Letter to a Young Baptist

Dear Baptist Reviewer,

Thanks very much for your interest in Letters to a Young Calvinist: An Invitation to the Reformed Tradition–and for taking the time to read my little tome of missives. I really appreciate that you’re willing to engage the book. In many ways, it was written with you in mind. I know we don’t cross paths all that often: I inhabit a Reformed world that doesn’t tend to intersect with your corner of “Reformedom.” I knew the book was a bit of a risk and a wager in that regard: an attempt to build bridges where they either don’t exist, or at least strengthen collaboration where such bridges remain rather ramshackle, precarious rope-and-sticks connections.

So I really do appreciate your review, and I’m grateful for the positive things you have to say about the book, despite our obvious differences. I tried hard to write the book in a pastoral tone, with an intentional concern about pedagogy: that’s why the letters are arranged in a way to bring the reader slowly through what constitutes a cumulative argument about the shape of the Reformed tradition.

And as you rightly note, there is an argument there: I am admittedly pushing back a bit on the so-called “resurgence of Reformed theology,” pressing the issue of just what counts as “Reformed.” But please note, I’m not doing so in order to call in the “truly Reformed” police force, but because I genuinely think there are aspects of the Reformed theological heritage that have been underappreciated by the young Baptist crowd enthusiastic about TULIP. Reformed theology is a many-splendored thing, and my goal is not to draw new boundaries and issue official “Reformed identity” cards. (Believe me, if the “truly Reformed” police get called in, you and I are both getting thrown in the paddy wagon.) Rather, my hope was that, by showing you new and unfamiliar sides of the Reformed tradition, you might find treasures that were buried still deeper than the TULIP bulbs.

As I said, this is the argument of the book. And if I had one wish, it would be that your review might have treated the book as an argument. As it stands, your review tends to simply treat this as a matter of taste, a matter of preference. So rather than criticizing the argument, you tend to simply point out where, “as a Baptist,” you “disagree.” Or you simply signal for your readers where I “cross the line,” or where I diverge from what “counts” as Reformed in your orbit.

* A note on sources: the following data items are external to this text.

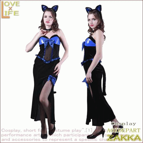 フラッシュブラックキャット Ladies♪暗闇でコスチュームが光るフラッシュシリーズ!ロングスカートのスリットから美脚がチラリ☆AOIデパートのコスプレシリーズ♪【コスプレ】【衣装】【コスチューム】【ハロウィン】【2.980円以上送料無料】【大人気】【大大人気】【5 】
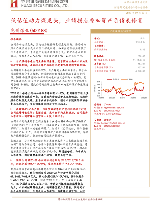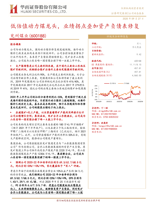 【华西证券】【20200927】20200927-华西证券-兖州煤业-600188.SH-低估值动力煤龙头,业绩拐点叠加资产负债表修复-20页
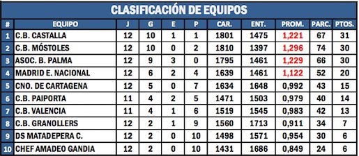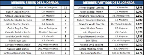 Nueva exhibición de Móstoles (1,576 de equipo) ante Escuela Nacional que no pudo contar esta vez con Robinson Morales. Valentín junior logró la única victoria forastera ante Adrián Legazpi, pero Rubén Legazpi (20 entradas), Rubén Fernández (25) y, sobre todo Alfonso Legazpi (17 entradas, el mejor jugador de la jornada) acercan a un solo punto al equipo mostoleño del liderato.

But let me just say, for the future, that what would be most helpful is not simply pointing out where you disagree–since that’s no surprise and doesn’t really advance the conversation. What would be interesting to hear is how and why you disagree–and, more importantly, how you would begin to refute the argument the book is trying to make. I would welcome that , not because I love polemics (well, I do a little bit, but I’m not proud of the fact. 😉 but because I think you’ll better serve our readers–both of your review and my book–by engaging the argument rather than simply naming “positions.”

My hope is that Letters to a Young Calvinist could be the beginning of a conversation, rather than a conversation stopper. And so I write with that goal in mind. I hope you’ll receive this letter in that spirit.